Gig crowd

COVID-19 and the Future of Gigs

The lockdown measures imposed on society as a whole due to COVID-19 have had a disproportionate impact on some industries, most notably the entertainment sector. The music industry has felt the full force of the restrictions; tours have been cancelled and a whole festival season has been virtually wiped out leaving bands and venues high and dry. To make matters worse, there is currently no indication when bands will be able to get together to practice, let alone perform in a packed venue.

Some artists have taken to streaming performances on social media and there is a growing debate about whether they should be charging. This is a double edged sword and one which bands, especially emerging bands, need to consider carefully. On the one hand, there should be a value attached to their work, whilst on the other, charging probably won’t attract new viewers to the stream. As the restrictions look set to stay in place for a while yet, artists may need to look at finding a balance between the two; a regular open live stream with the option of a paid stream with exclusive content. Yes, there are those who will wait for the content to appear on the free stream, but there are also fans who will happily pay for the added extras. Each band will need to find their own balance; there is no right or wrong.

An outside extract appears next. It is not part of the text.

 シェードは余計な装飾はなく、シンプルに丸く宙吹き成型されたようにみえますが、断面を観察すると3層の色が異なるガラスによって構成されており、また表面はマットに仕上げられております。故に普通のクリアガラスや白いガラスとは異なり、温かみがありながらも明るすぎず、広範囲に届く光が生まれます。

Along with merch sales, this may just be enough to help bands tick over until they’re able to get back out on the road. But even then, the live scene is going to take a substantial hit. All signs (as of writing) are suggesting that social distancing measures may need to be in place until early next year, or possibly even longer; how will bands and venues survive in the longer term? The logistics of touring could mean that your favourite band might not be able to tour for some time yet, capacity restrictions could mean shows are no longer viable in terms of ticket and merch revenue. 

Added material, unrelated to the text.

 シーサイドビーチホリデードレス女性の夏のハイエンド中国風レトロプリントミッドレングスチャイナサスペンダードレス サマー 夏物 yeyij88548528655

One solution would be one off shows which comply with government regulations, which are also streamed live to a paying online audience. Watching a gig online is no substitute for actually being in the room, but a compromise is far better than losing something altogether. A standard 3 band bill would offer the same opportunities as they have done previously, allowing bands to reach a new audience and extend their fanbase. Not only is this model achievable as it requires very little additional kit, it can be scaled up or down to take into account any changes to guidelines or localised lockdowns.

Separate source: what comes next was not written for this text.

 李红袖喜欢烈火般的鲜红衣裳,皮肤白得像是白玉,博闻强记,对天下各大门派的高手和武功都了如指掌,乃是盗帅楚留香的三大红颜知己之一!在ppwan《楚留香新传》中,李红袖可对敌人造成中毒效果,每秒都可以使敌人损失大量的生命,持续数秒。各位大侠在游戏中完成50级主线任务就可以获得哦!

And the best thing with this model is it needn’t stop when the world returns to the pre-COVID norm; offering a paid live stream to a show would make them accessible to everyone, overcoming the hurdles many with illnesses and disabilities need to navigate in order to enjoy live music. 

There will also need to be a new way of hosting gigs to support the scene through this difficult time and shows may look different for a while. Not only will venues have to work around possible social distancing requirements, they will have to reassess every aspect of a show; from the queue at the door, pinch points, how people access the cloakroom, the bar and the toilets, all the way through to the way kit is used/shared/changed over; sharing microphones will probably not be a good idea. All of these will also impact a venue’s ability to safely put on a show.

But whatever the future of gigging looks like in reality, the live music scene will need financial support which far exceeds what the government are likely to offer and we need to explore other options to help or risk losing something we all love.